• _Activity_
Please give back the listing exactly, without any of its pictures.
Content starts
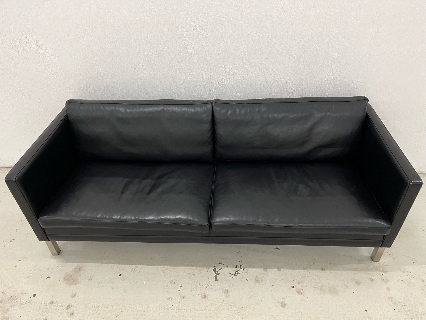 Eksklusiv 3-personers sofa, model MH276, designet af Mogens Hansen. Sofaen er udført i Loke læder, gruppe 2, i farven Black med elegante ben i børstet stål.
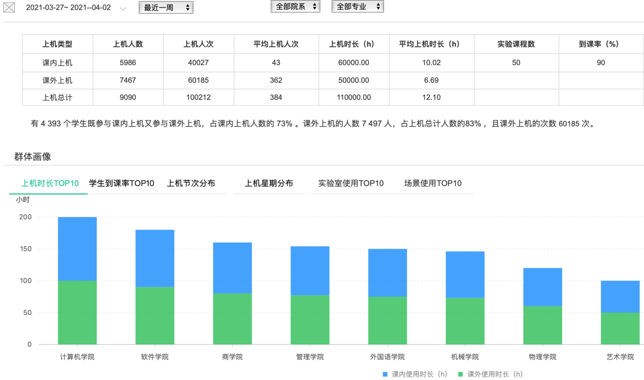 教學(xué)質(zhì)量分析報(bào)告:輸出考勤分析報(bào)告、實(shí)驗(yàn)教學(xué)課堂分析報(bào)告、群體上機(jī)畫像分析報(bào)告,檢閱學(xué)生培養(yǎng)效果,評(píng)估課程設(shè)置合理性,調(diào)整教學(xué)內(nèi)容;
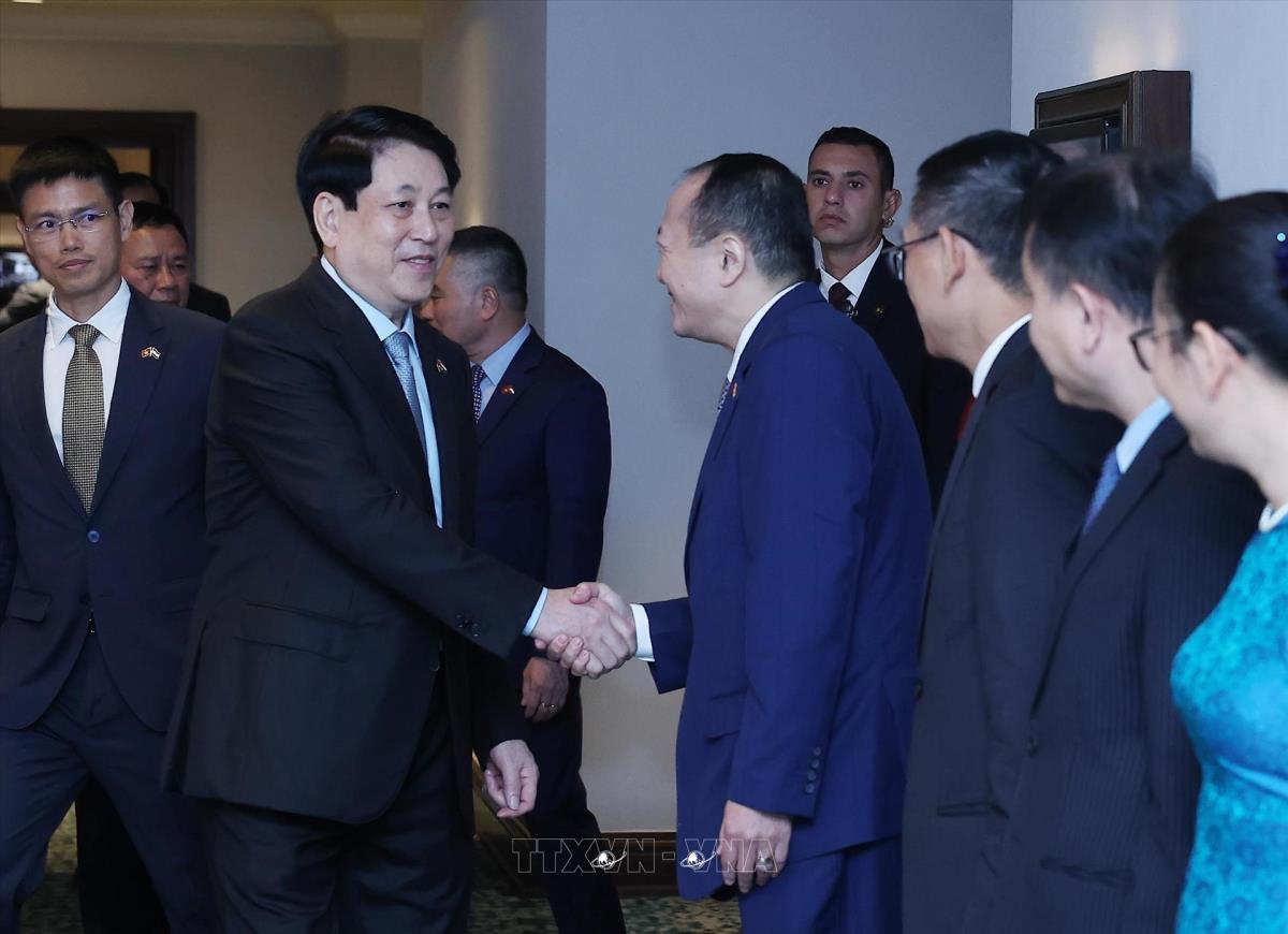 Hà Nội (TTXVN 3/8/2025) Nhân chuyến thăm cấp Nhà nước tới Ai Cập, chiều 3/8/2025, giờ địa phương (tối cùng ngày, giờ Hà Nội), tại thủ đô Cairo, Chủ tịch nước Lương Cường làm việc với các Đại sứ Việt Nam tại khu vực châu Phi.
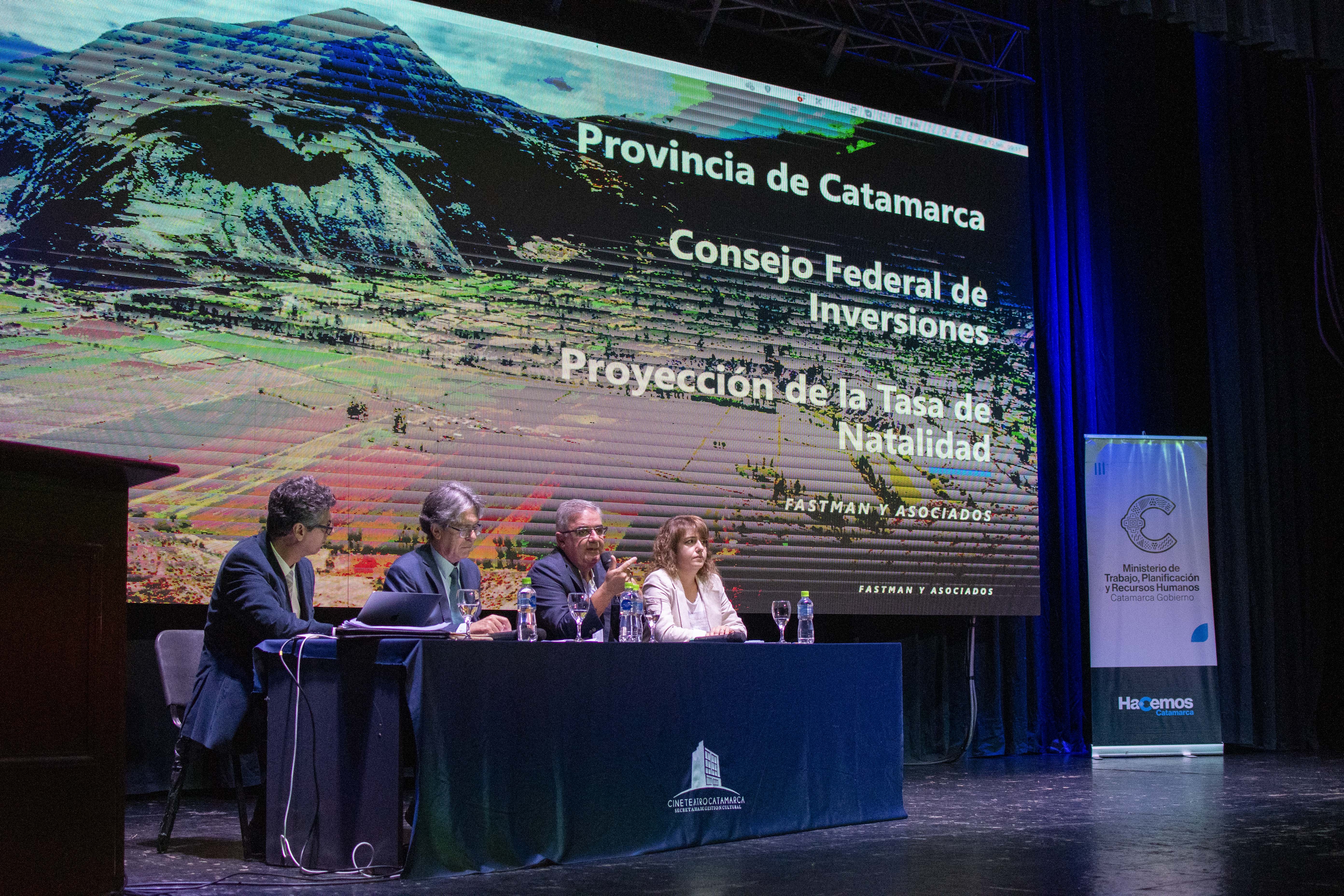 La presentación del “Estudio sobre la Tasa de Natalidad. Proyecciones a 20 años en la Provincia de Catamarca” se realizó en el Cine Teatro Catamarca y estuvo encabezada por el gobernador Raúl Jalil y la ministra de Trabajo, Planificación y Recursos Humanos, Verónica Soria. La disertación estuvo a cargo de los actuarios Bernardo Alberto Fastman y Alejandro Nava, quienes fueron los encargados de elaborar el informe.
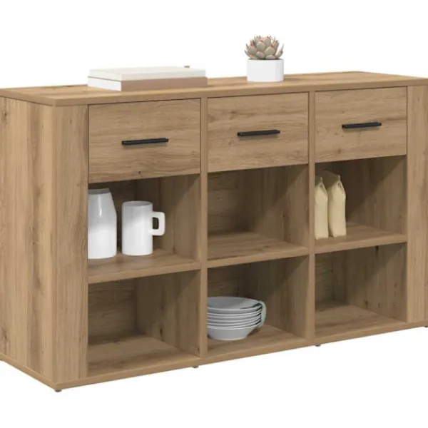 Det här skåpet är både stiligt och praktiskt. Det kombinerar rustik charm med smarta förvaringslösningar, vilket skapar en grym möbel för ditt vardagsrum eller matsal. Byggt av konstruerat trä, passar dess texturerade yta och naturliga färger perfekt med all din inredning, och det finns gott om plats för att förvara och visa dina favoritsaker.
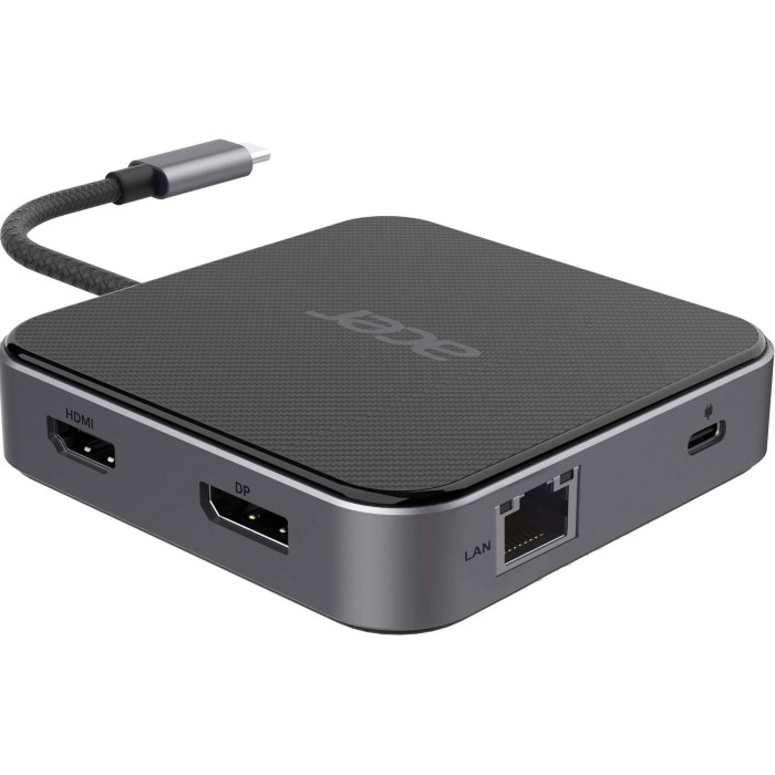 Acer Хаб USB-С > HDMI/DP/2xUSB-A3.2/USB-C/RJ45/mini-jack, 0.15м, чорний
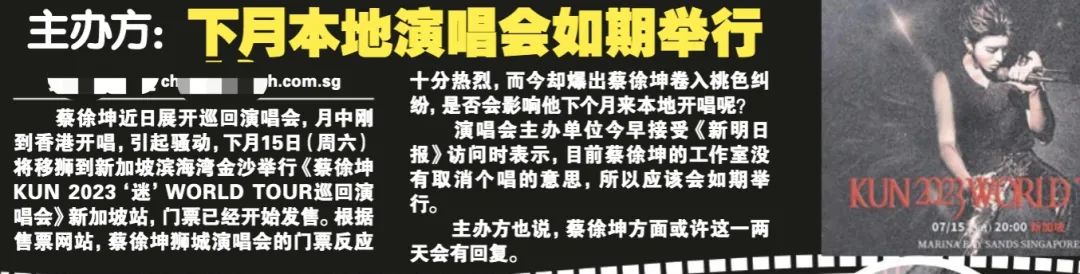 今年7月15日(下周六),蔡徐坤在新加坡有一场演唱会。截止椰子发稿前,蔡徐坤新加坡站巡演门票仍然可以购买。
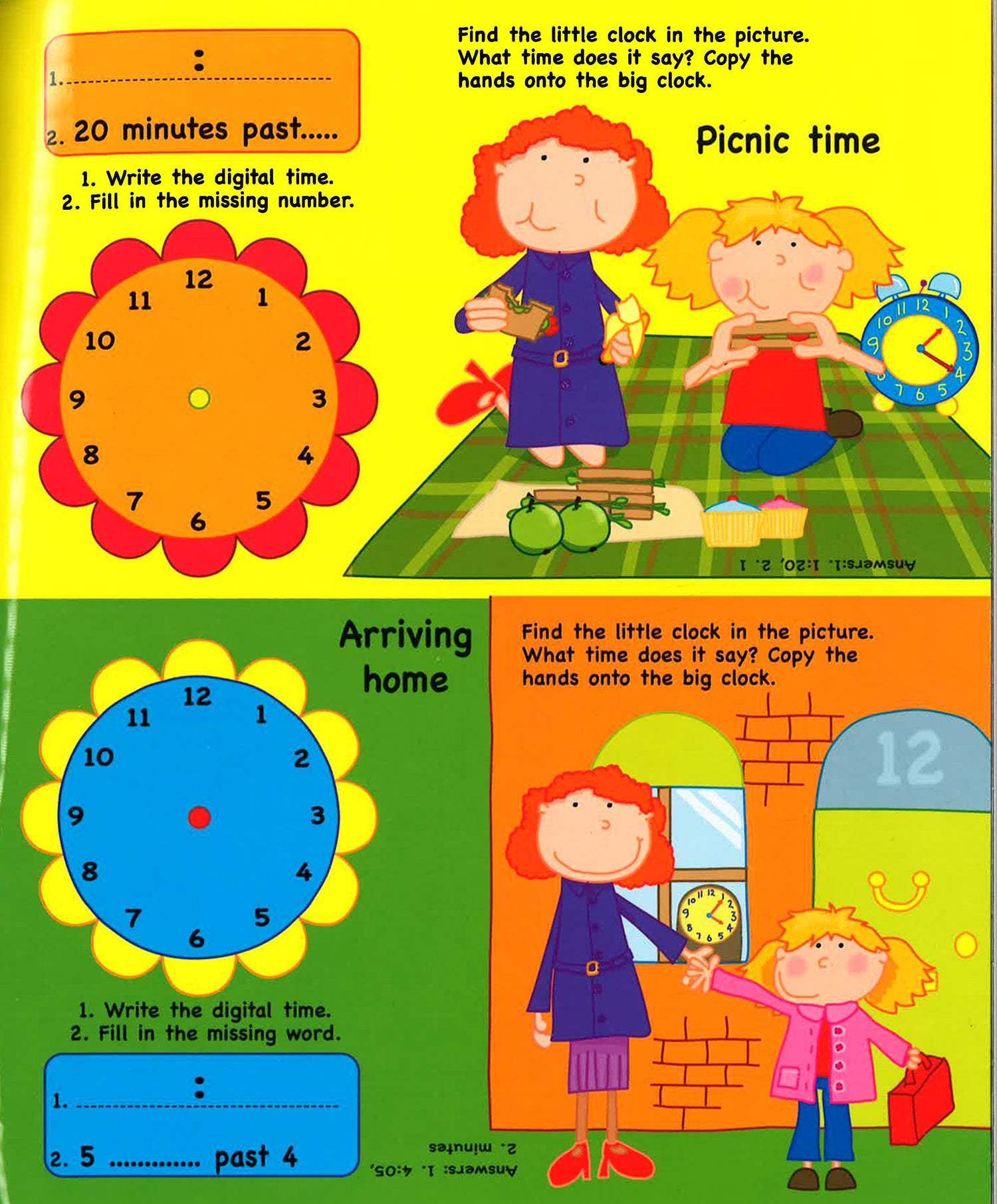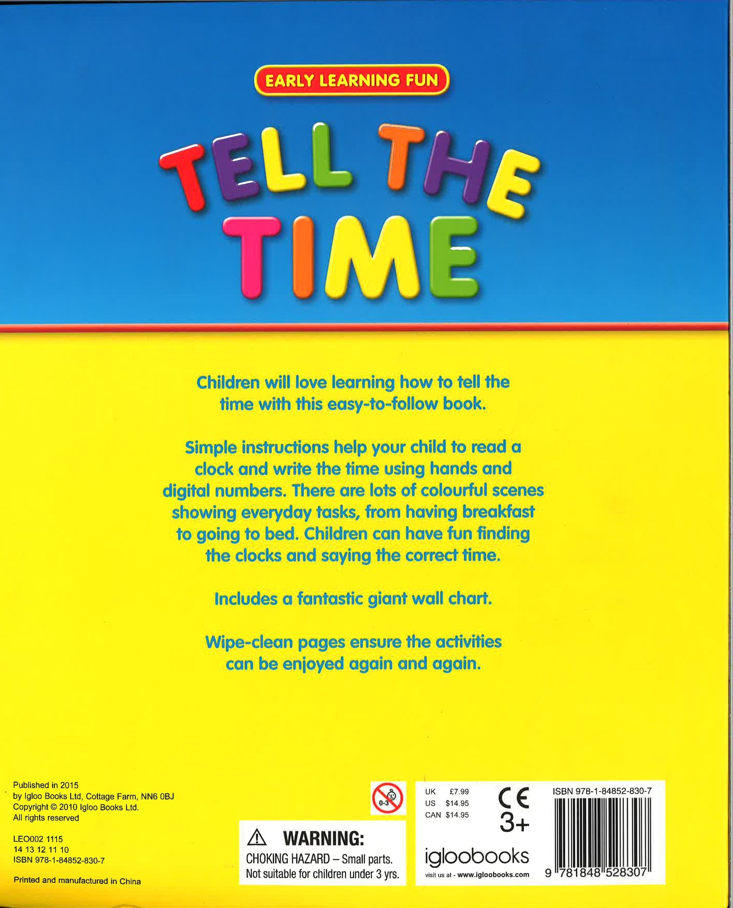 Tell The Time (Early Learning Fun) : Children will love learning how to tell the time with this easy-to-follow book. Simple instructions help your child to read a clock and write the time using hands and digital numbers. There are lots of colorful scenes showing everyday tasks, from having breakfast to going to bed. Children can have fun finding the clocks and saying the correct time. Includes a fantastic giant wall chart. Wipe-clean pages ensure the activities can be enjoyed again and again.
Content ends
• _Exercise result_
 Eksklusiv 3-personers sofa, model MH276, designet af Mogens Hansen. Sofaen er udført i Loke læder, gruppe 2, i farven Black med elegante ben i børstet stål.
 教學(xué)質(zhì)量分析報(bào)告:輸出考勤分析報(bào)告、實(shí)驗(yàn)教學(xué)課堂分析報(bào)告、群體上機(jī)畫像分析報(bào)告,檢閱學(xué)生培養(yǎng)效果,評(píng)估課程設(shè)置合理性,調(diào)整教學(xué)內(nèi)容;
 Hà Nội (TTXVN 3/8/2025) Nhân chuyến thăm cấp Nhà nước tới Ai Cập, chiều 3/8/2025, giờ địa phương (tối cùng ngày, giờ Hà Nội), tại thủ đô Cairo, Chủ tịch nước Lương Cường làm việc với các Đại sứ Việt Nam tại khu vực châu Phi.
 La presentación del “Estudio sobre la Tasa de Natalidad. Proyecciones a 20 años en la Provincia de Catamarca” se realizó en el Cine Teatro Catamarca y estuvo encabezada por el gobernador Raúl Jalil y la ministra de Trabajo, Planificación y Recursos Humanos, Verónica Soria. La disertación estuvo a cargo de los actuarios Bernardo Alberto Fastman y Alejandro Nava, quienes fueron los encargados de elaborar el informe.
 Det här skåpet är både stiligt och praktiskt. Det kombinerar rustik charm med smarta förvaringslösningar, vilket skapar en grym möbel för ditt vardagsrum eller matsal. Byggt av konstruerat trä, passar dess texturerade yta och naturliga färger perfekt med all din inredning, och det finns gott om plats för att förvara och visa dina favoritsaker.
 Acer Хаб USB-С > HDMI/DP/2xUSB-A3.2/USB-C/RJ45/mini-jack, 0.15м, чорний
 今年7月15日(下周六),蔡徐坤在新加坡有一场演唱会。截止椰子发稿前,蔡徐坤新加坡站巡演门票仍然可以购买。
 Tell The Time (Early Learning Fun) : Children will love learning how to tell the time with this easy-to-follow book. Simple instructions help your child to read a clock and write the time using hands and digital numbers. There are lots of colorful scenes showing everyday tasks, from having breakfast to going to bed. Children can have fun finding the clocks and saying the correct time. Includes a fantastic giant wall chart. Wipe-clean pages ensure the activities can be enjoyed again and again.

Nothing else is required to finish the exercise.